Cenk Tosun, Everton'da yılda 5 milyon 142 bin Euro kazanacak. Bu rakama, Tosun'un performansına göre kazanacağı 'bonus' kazançlar dahil değil. Ama Cenk; kazandığı paranın yüzde 45'ini, yani 2 milyon 313 bin Euro'yu vergi olarak ödeyecek. Milli forvet Cenk'in ödeyeceği vergi örnek olmalı. Türkiye'de, kulüpler ve futbolcular da gerçekçi vergiler ödemeliler. Asgari ücretliden vergi alınırken, milyon Euro'lar kazan futbolculardan vergi almamak haksızlık.

Hep zarar, hep ziyan

Spor sitesi kramponlupisagor.com, dört büyüklerin oyuncu alım ve satımından son beş yılda ne kadar kar ve zarar ettiğini hesaplamış. Bu hesaplamada, menajer komisyonları ve imza paraları hakkında net bir bilgi yok. Sadece bonservis ve kira bedellerinin hesaplandığı habere göre; Trabzonspor 39.23 milyon Euro, Fenerbahçe 71.05 milyon Euro, Galatasaray ise 100.57 milyon Euro zarar etmiş. Tek kar eden takım ise +8.04 milyon Euro ile Beşiktaş. Cenk Tosun transferi olmasa Beşiktaş bile zarar edecekmiş.

Birçok futbol yorumcusu ve yazar; Cenk Tosun'un Everton'a transfer olmasını, Süper Lig'de yabancı sınırının 14'e çıkarılmasının faydası olarak gösteriyor. Ben farklı düşünüyorum. Cenk'in başarısını, tamamen kişisel bir zafer olarak görüyorum. Tosun yıllarca yedek kalmayı göze aldı, sabretti ve çok çalışarak zirveye ulaştı. Morio Gomez, Demba Ba ile rekabete girmesi elbette Cenk'in performansını artırdı. Ancak Cenk'e daha önceden fırsat tanınsaydı, belki de iki-üç sene önce Everton'a transfer olacaktı.

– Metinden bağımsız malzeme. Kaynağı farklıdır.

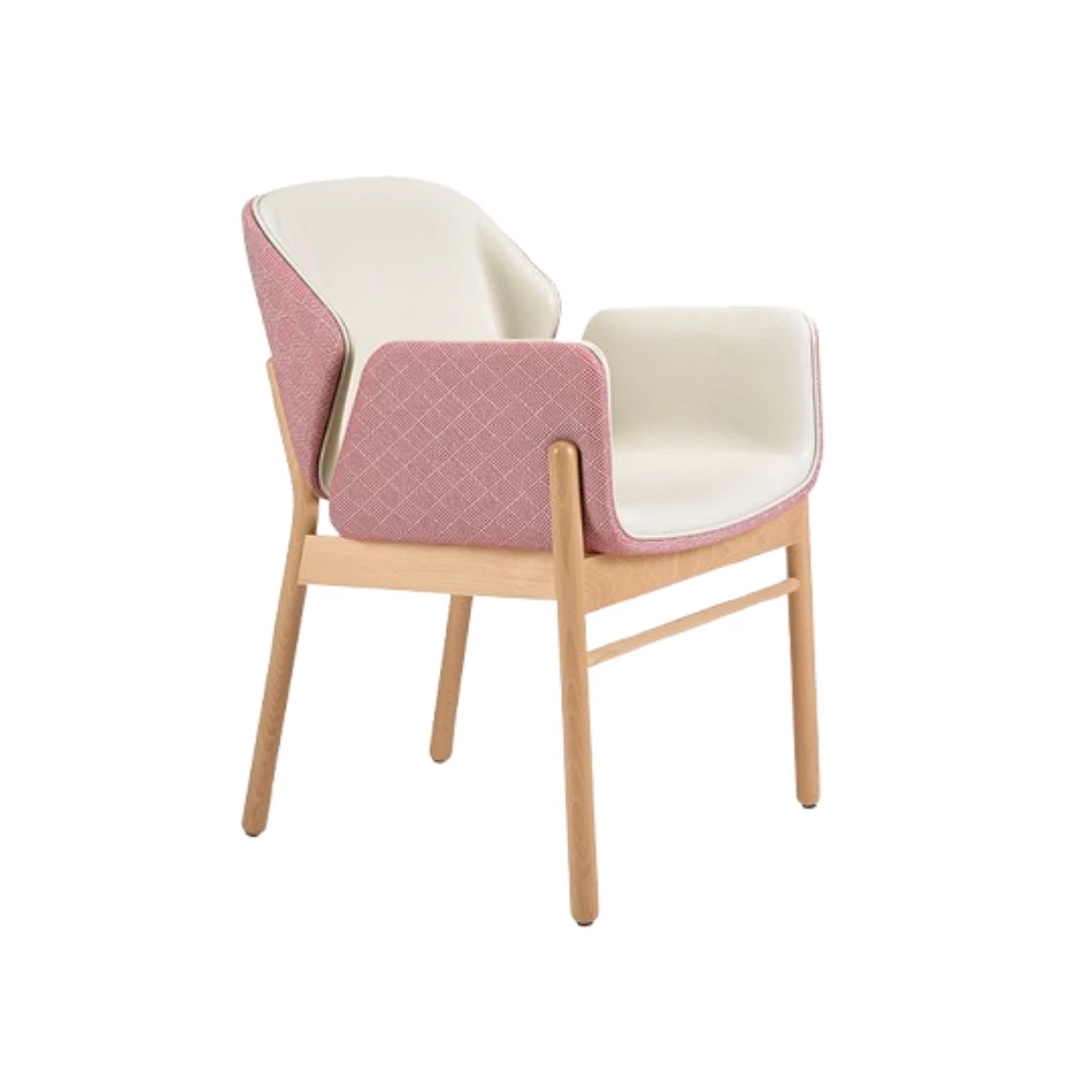 The Abbie A armchair combines style and comfort with a stained beech wood frame and a fully upholstered seat and back featuring two fabrics with piping (extra cost included) for a customizable touch. Ideal for restaurants, bistros, fast food venues, and waiting areas, it offers lasting comfort and elegant design.

Paris Saint Germain'in Neymar transferinden sonra dengeler altüst oldu. Bugün Avrupa piyasasında Liverpool'un Southampton'dan aldığı Van Dijk gibi süper yetenek sayılmayacak bir savunma oyuncusu 85 milyon Euro edebiliyor. Barcelona, Liverpool'un Brezilyalı yıldızı Coutinho'yu 160 milyon Euro'ya alabiliyor. Katar ve Çin'in futbola yatırımından sonra Türkiye Süper Lig'i iyice gözden düştü; artık 30 yaş altı yetenekli futbolcu almak daha da zorlaştı. 30 ve üstü yaşlarda alınan futbolcuları kar edip satmak neredeyse imkansız. Kulüplerin son beş yılda uğradıkları zarar ise ortada.

Yapılması gereken; yabancı futbolcu transferine radikal bir sınır getirip Cenk Tosun gibi yeteneklere çok daha erken yaşta, yeterli fırsatı sunmaktır. Futbolcu yetiştirmezsek bu çark dönmez!